03)ヘリカルCT画像のコンピューター支援自動診断システムの開発を行い、診断医と同等、または、これを上回る診断能を有するシステムの開発に成功した。
04)検診にCT導入後5年生存率は82%であり、導入前の5年生存率48%に比して有意に良好であった。
05)上部消化管に対する分光内視鏡検査の結果、正常部とがん部とでは分光スペクトルが異なることが証明された。
06)医療データのセキュリティを保持するためのICカードの鍵システムの開発を行った。
07)がん画像レファレンスデータベースの構築を行い、インターネット上に公開した。
08)乳がん病理ミクロ像に対するコンピューター支援自動診断装置の開発を行い良好な結果が得られた。
B)考察01)早期の肺がんは肺胞上皮に沿ってがんが広がって病変内に含気が多く、従来の胸部X線検査では発見不能と考えられた。
02)肺がんは世界中でも最も普遍的ながんであり、米国メイヨークリニックと協同研究を行うことは国際的な視野からも有用と考えられた。
03)ヘリカルCTの画像を精度の高いコンピューター支援自動診断システムを用いて処理することは精度の高い肺がん検診を能率よく行う上で重要と考えられた。

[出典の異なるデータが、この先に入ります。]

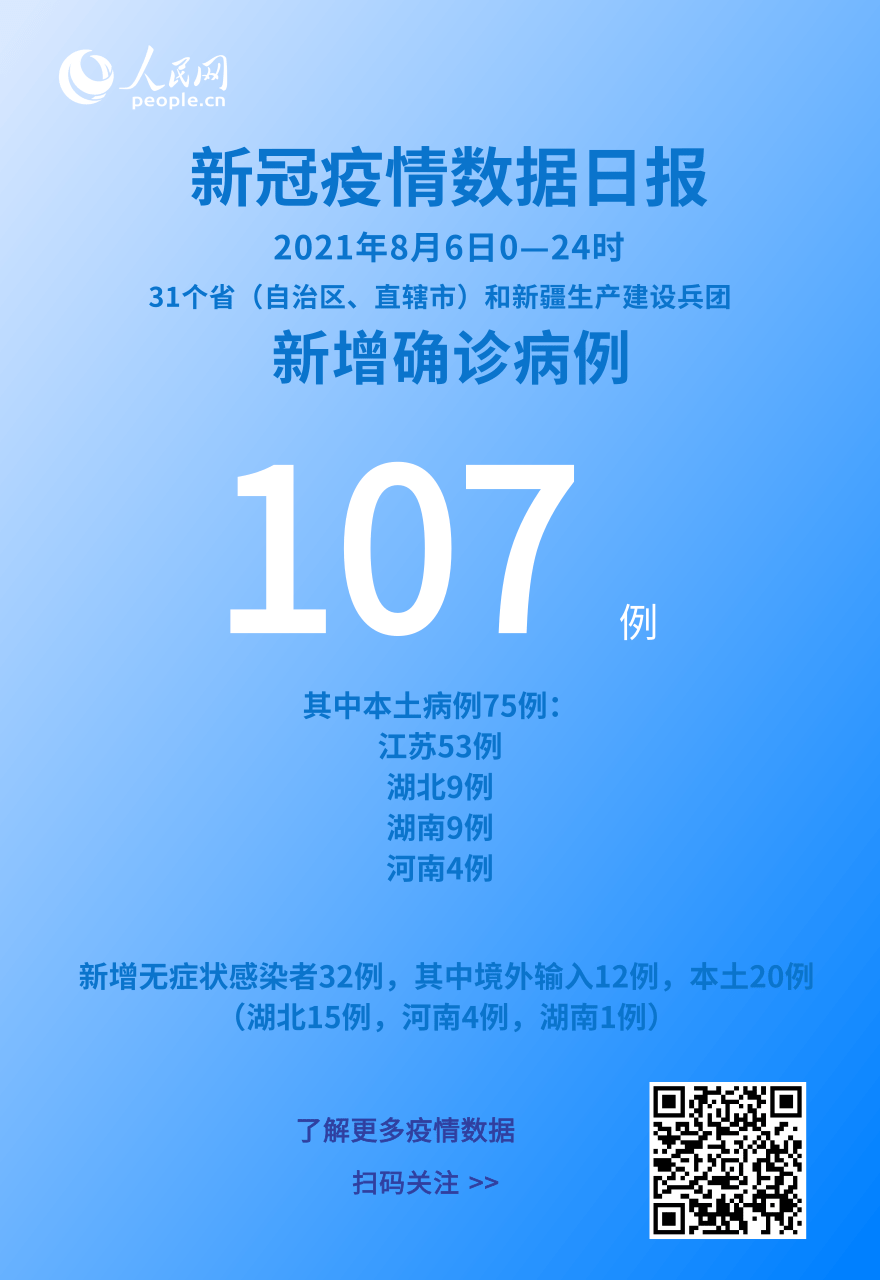 人民网北京8月7日电 (记者崔元苑)今日,国家卫生健康委于官网发布了截至8月6日24时新型冠状病毒肺炎疫情最新情况。8月6日0—24时,31个省(自治区、直辖市)和新疆生产建设兵团报告新增确诊病例107例,其中境外输入病例32例(云南11例,上海9例,天津5例,广东3例,四川2例,江苏1例,浙江1例),本土病例75例(江苏53例,湖北9例,湖南9例,河南4例);无新增死亡病例;新增疑似病例1例,为本土病例(在山东)。

04)肺がん検診にヘリカルCTを用い、より早期の肺がんを発することによって肺がんの治療成績を向上させることが可能であることが証明された。
05)分光内視鏡装置による正常部とがん部との分光スペクトルの解析からがん病変部を認識することは新しいがん診断法として有用と考えられた。
06)医療情報のセキュリティ保守は大切なことであり、精度の高い保守システムを構築することはがん診療上有用と考えられた。
07)がん画像レファレンスシャルデータベースを広くインターネット上に公開することはグローバルな観点から見てがん診療上有意義なことと考えられた。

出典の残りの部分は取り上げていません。